- Active: 1984 – present
- Country: India
- Allegiance: India
- Branch: Indian Army
- Type: Armour
- Size: Regiment
- Nickname: Barasinghas
- Motto: Sahauryamev Jeevanam (Life with Valour)
- Equipment: T-90

Commanders
- Colonel of the Regiment: Lieutenant General Mohit Malhotra

Insignia
- Abbreviation: 12 Armd Regt

= 12th Armoured Regiment (India) =

Indian Army regiment

The 12th Armoured Regiment is an armoured regiment which is part of the Armoured Corps of the Indian Army.
The regiment was raised as an all-class regiment on 1 October 1984 by Lieutenant Colonel L.R. Vaid at Kapurthala with Vijayanta tanks.

== History ==
The regiment was subsequently converted to T-90 tanks. The regiment has served in Operation Trident, Operation Rakshak I and Operation Rakshak II.

The regiment has adopted the nickname Barasinghas (meaning 12-point stag), and representing the Barasingha, or swamp deer (Rucervus duvaucelii), a deer species endemic to India. This was inspired by the statue of a barasingha stag in full cry in the palace of the Maharaja of Kapurthala. Each of the tines of the antlers is said to symbolise one of the 12 tank troops of the regiment.

The Regiment had the honour of participating in the annual Republic Day parade in 2004 and 2005.

The Regiment was presented the ‘President's Standards’ at Babina on 19 October 2010 by the then President of India, Mrs Prathiba Patil.

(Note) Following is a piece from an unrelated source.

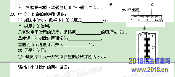 ⑴ 如图甲所示,测得木块的长度是 cm。

The regiment was awarded GOC-in-C, South Western Command Unit Citation in 2018.

==Regimental Insignia==
The cap badge of the unit has crossed lances and pennons, with the numeral 12 at the crossing, with the regimental motto inscribed on a scroll below in Devanagari script. The cap badge is in silver plate for officers and nickel plate for other ranks. The motto of the regiment is "Shauryamev Jeevnam" which means 'life with valour'.